*EXERCISE DIRECTIONS*
Your output should be the lines from the one containing "Một phần trọng" through the end of the listing, exact and inclusive, with no pictures.

-- DATA BLOCK follows --

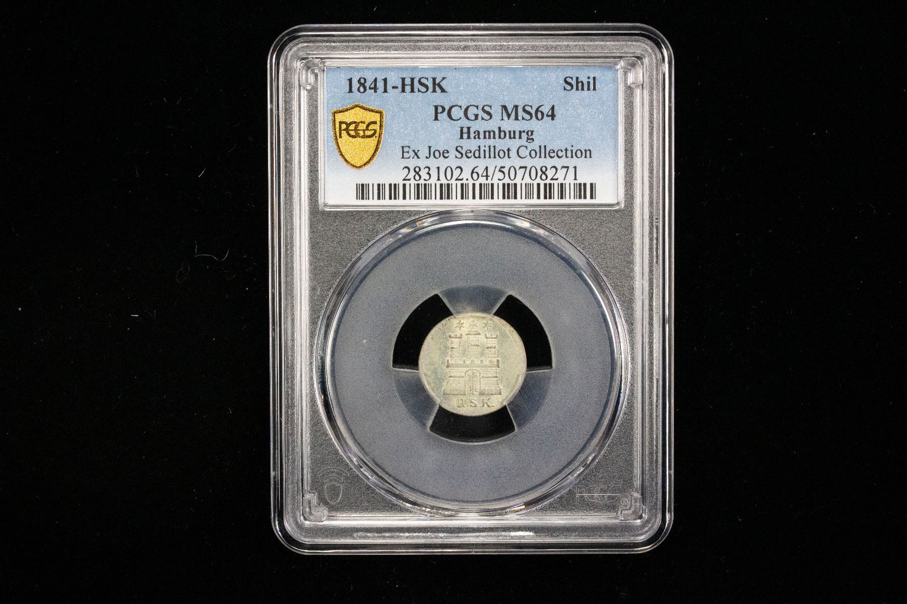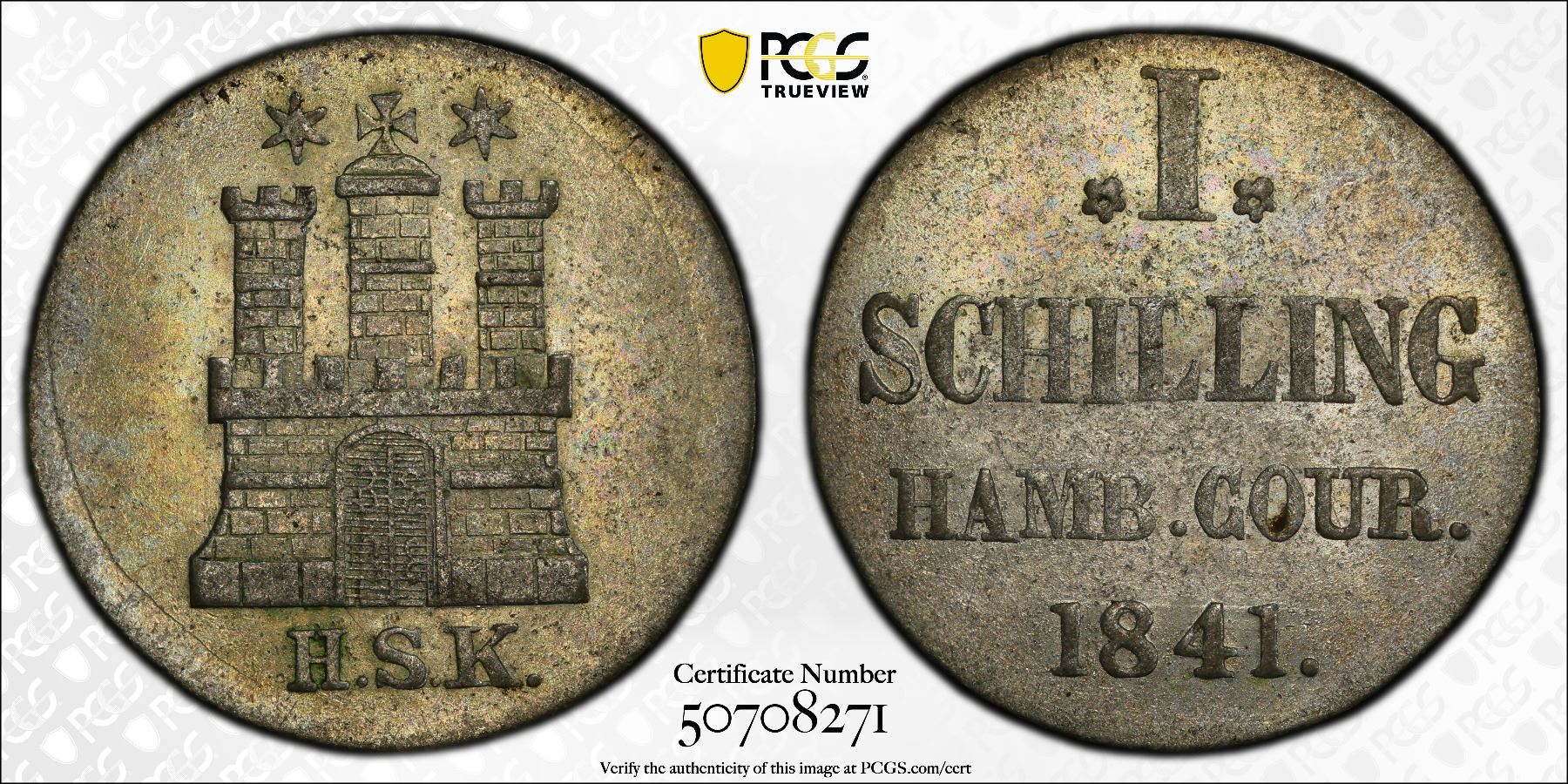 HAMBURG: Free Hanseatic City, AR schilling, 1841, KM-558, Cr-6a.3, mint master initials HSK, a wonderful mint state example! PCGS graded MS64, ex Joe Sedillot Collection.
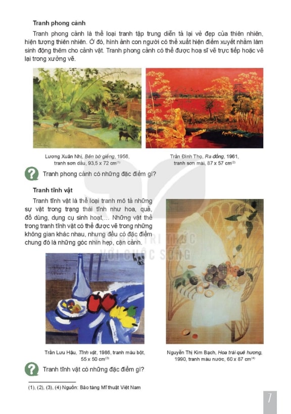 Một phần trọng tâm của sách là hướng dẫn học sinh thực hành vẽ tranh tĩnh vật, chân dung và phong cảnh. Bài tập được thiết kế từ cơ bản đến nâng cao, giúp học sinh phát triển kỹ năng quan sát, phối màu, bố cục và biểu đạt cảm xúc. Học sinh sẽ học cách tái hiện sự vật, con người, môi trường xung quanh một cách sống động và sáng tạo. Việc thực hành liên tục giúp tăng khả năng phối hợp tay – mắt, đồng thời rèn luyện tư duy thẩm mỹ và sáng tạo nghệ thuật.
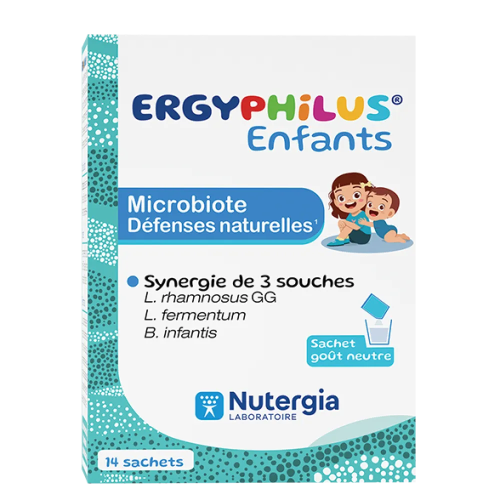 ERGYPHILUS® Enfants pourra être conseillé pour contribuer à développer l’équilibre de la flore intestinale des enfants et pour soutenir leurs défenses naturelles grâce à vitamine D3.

-- DATA BLOCK concluded --

*SOLVED EXERCISE*
 Một phần trọng tâm của sách là hướng dẫn học sinh thực hành vẽ tranh tĩnh vật, chân dung và phong cảnh. Bài tập được thiết kế từ cơ bản đến nâng cao, giúp học sinh phát triển kỹ năng quan sát, phối màu, bố cục và biểu đạt cảm xúc. Học sinh sẽ học cách tái hiện sự vật, con người, môi trường xung quanh một cách sống động và sáng tạo. Việc thực hành liên tục giúp tăng khả năng phối hợp tay – mắt, đồng thời rèn luyện tư duy thẩm mỹ và sáng tạo nghệ thuật.
 ERGYPHILUS® Enfants pourra être conseillé pour contribuer à développer l’équilibre de la flore intestinale des enfants et pour soutenir leurs défenses naturelles grâce à vitamine D3.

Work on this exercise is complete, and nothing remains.